Impact on foreign financial institutions and other entities
One key part of FATCA is a requirement that foreign financial institutions, hedge/private equity funds, trusts, partnerships and corporations (Institutions) either agree with the US Department of Treasury to disclose information about US investors or be subject to the statutory withholding regime (a 30% rate).
Issues immediately arise therefore regarding the steps being taken by Australian and Pacific based institutions to reach such agreement and the position they should be taking regarding their own dealings with trust companies, partnerships and corporations who are themselves customers and perhaps not the beneficial owner of funds in any given account.

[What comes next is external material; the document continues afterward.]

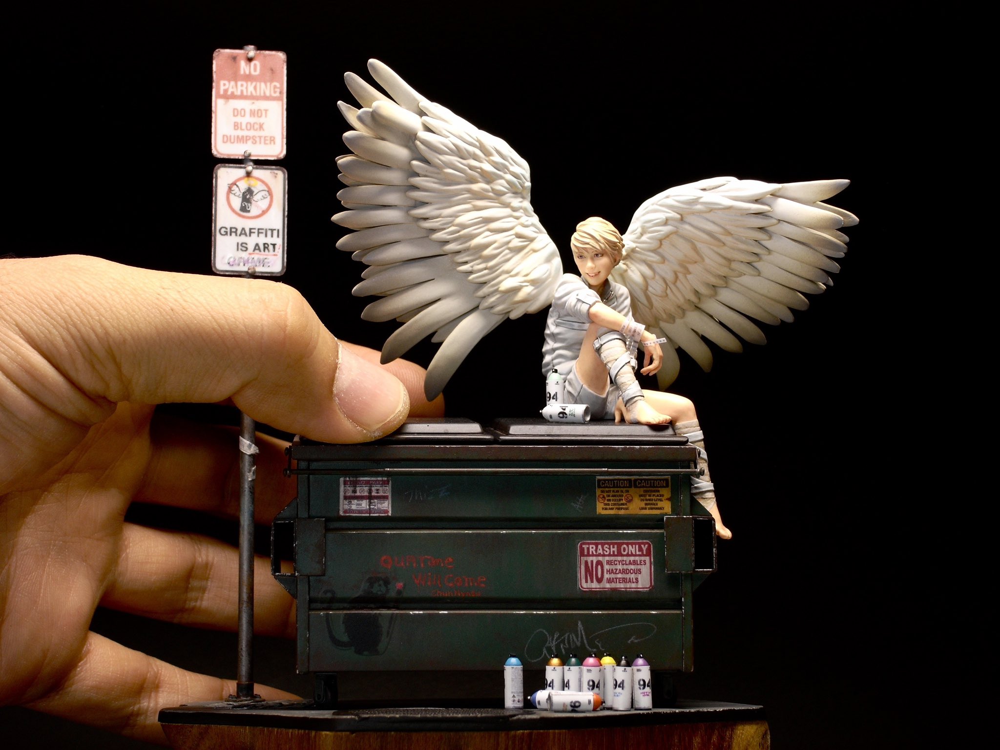 >Angel sitting on top of anon's figure collection

There are also a number of other implications of FATCA, including:
- imposing a similar withholding tax on foreign companies which fail to supply the name, address and tax identification number of any US individual with at least 10 percent ownership in that company. Issues arise here regarding the obligations now placed on the Institution to conduct further and detailed due diligence regarding the exact ownership of all relevant entities they are dealing with. This task in itself could be significant, even in a relatively modest corporate structure.

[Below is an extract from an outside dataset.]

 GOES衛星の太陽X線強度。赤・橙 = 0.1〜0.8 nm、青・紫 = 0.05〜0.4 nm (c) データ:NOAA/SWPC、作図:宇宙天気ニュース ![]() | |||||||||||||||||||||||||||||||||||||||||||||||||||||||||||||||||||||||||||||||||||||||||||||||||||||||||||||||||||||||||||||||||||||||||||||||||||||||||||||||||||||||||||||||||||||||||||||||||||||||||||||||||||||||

- relevantly for the Pacific, given the prevalence of trust arrangements in various jurisdictions, regulations will now be in effect for foreign trusts if any current, future or contingent beneficiary is a US citizen, and the Treasury Department is now allowed to presume that a foreign trust has a US beneficiary if a US citizen directly or indirectly transfers property to that trust. There are a number of issues here for the Institution, including:
- ascertaining its exposure to foreign trusts;
- ascertaining its position in relation to who or what may (relevantly) be a current, future or contingent beneficiary (including the treatment of discretionary trusts); and
- how the Institution can shift the onus of determining when property has been transferred by a US citizen into a foreign trust, the meaning of ‘property’ in this context, and where property is domiciled.
The above highlights just a few of the key issues which now arise for Institutions operating in the Pacific which are or may be exposed to these new laws and regulations. Institutions would be well advised to acquaint themselves with the details of the new laws and regulations and determine where and how they may be exposed.
This article has been prepared for the general information of clients and contacts of PLN Lawyers Sydney and the affiliated firms of the Pacific Legal Network. While it deals with and comments on the law in specific areas it is not intended nor should it be used, as a substitute for specific legal advice as legal counsel may only be given in response to inquiries regarding particular situations.